RECORDED INFORMATION Start Marker

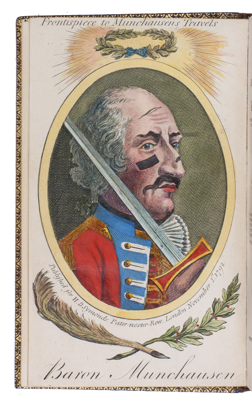 Beautifully bound later English edition of The surprising adventures of Baron Munchausen by Rudolf Erich Raspe (1736-1794), first published in Oxford in 1786. Raspe was a German librarian, writer, and scientist, and is best known for his present collection of tall tales, which was originally a satirical work with political aims. The work contains stories about the fictional character "Baron Munchausen", which is based on Karl Friedrich Hieronymus baron von Münchhausen (1720-1797), a German nobleman who served in the Russian army against the Ottomans. He is known for telling tall tales about his adventures, which were then used as a source for fantastical folktales and literary fiction.
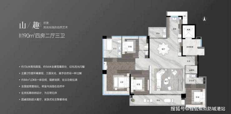 户型:建面约105-180㎡三至五房,全南向设计,得房率超90%
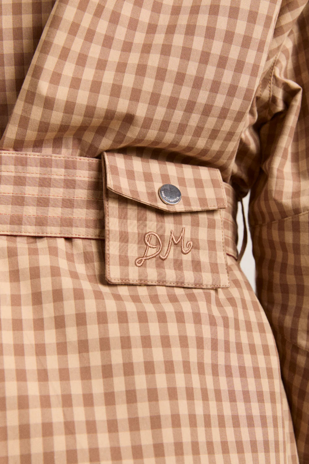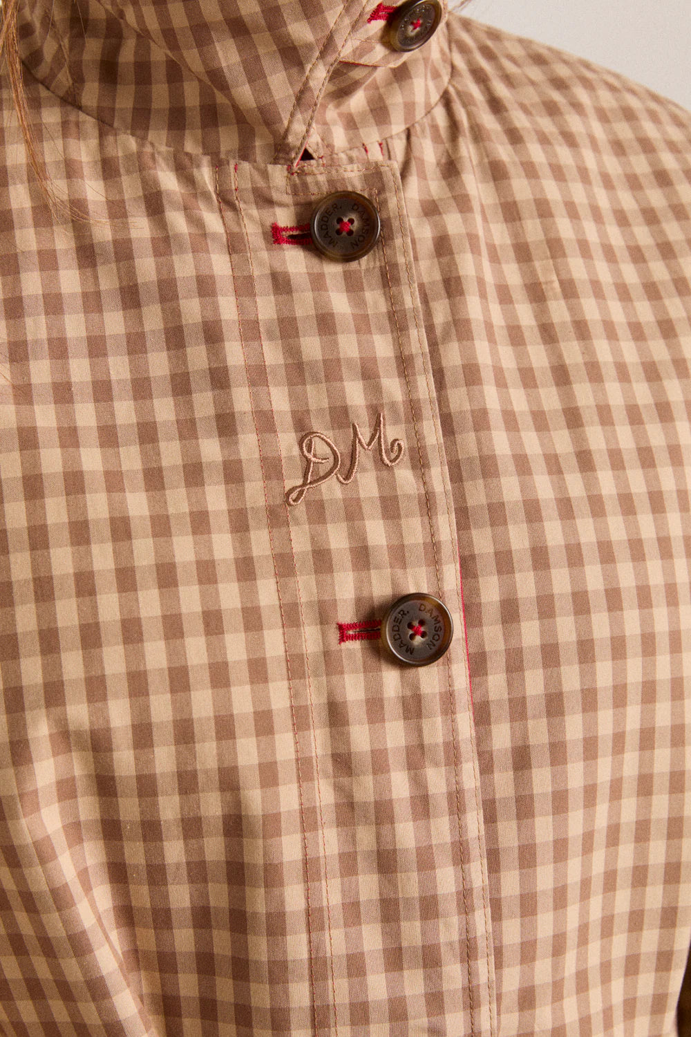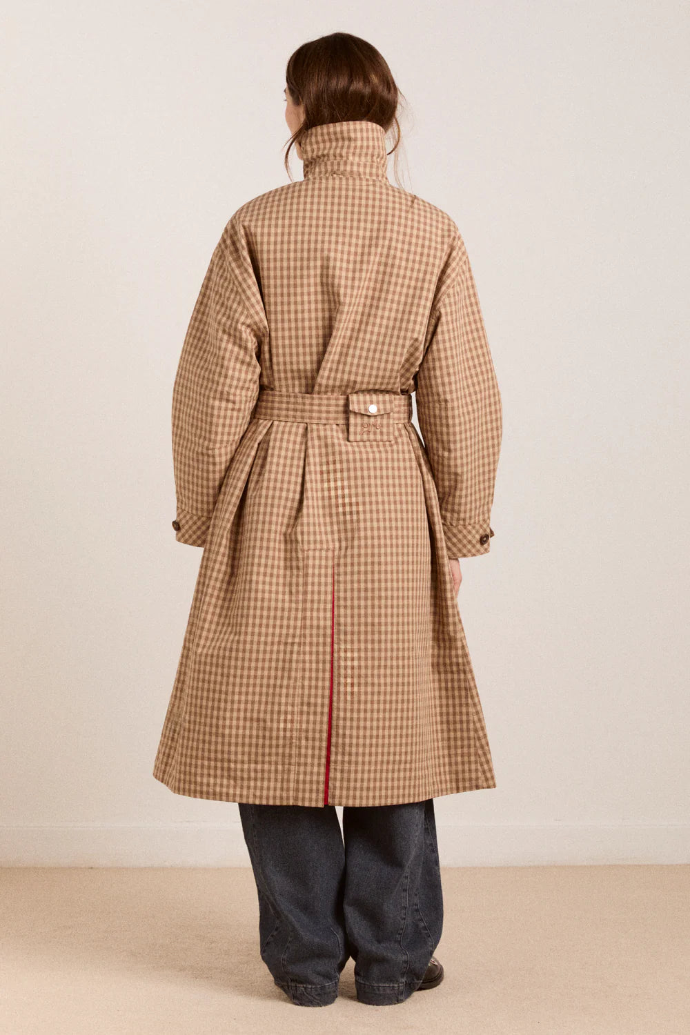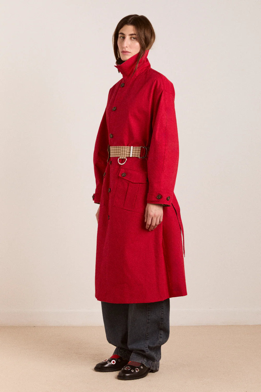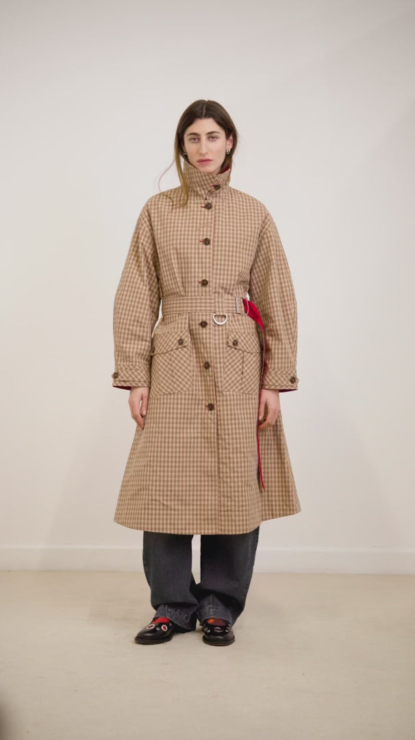 Meet the trench that does the most. The Anja Honey Trench is fully reversible and shower-proof, giving you two looks in one: a tan gingham moment on one side and bold solid red on the other whilst protecting you from the elements.  Crafted from 100% organic cotton, it’s designed with considered detailing throughout.

RECORDED INFORMATION End Marker

All of the data above needs to be retyped exactly, with the pictures removed.

- [ANSWER TO THE PROBLEM]
 Beautifully bound later English edition of The surprising adventures of Baron Munchausen by Rudolf Erich Raspe (1736-1794), first published in Oxford in 1786. Raspe was a German librarian, writer, and scientist, and is best known for his present collection of tall tales, which was originally a satirical work with political aims. The work contains stories about the fictional character "Baron Munchausen", which is based on Karl Friedrich Hieronymus baron von Münchhausen (1720-1797), a German nobleman who served in the Russian army against the Ottomans. He is known for telling tall tales about his adventures, which were then used as a source for fantastical folktales and literary fiction.
 户型:建面约105-180㎡三至五房,全南向设计,得房率超90%
 Meet the trench that does the most. The Anja Honey Trench is fully reversible and shower-proof, giving you two looks in one: a tan gingham moment on one side and bold solid red on the other whilst protecting you from the elements.  Crafted from 100% organic cotton, it’s designed with considered detailing throughout.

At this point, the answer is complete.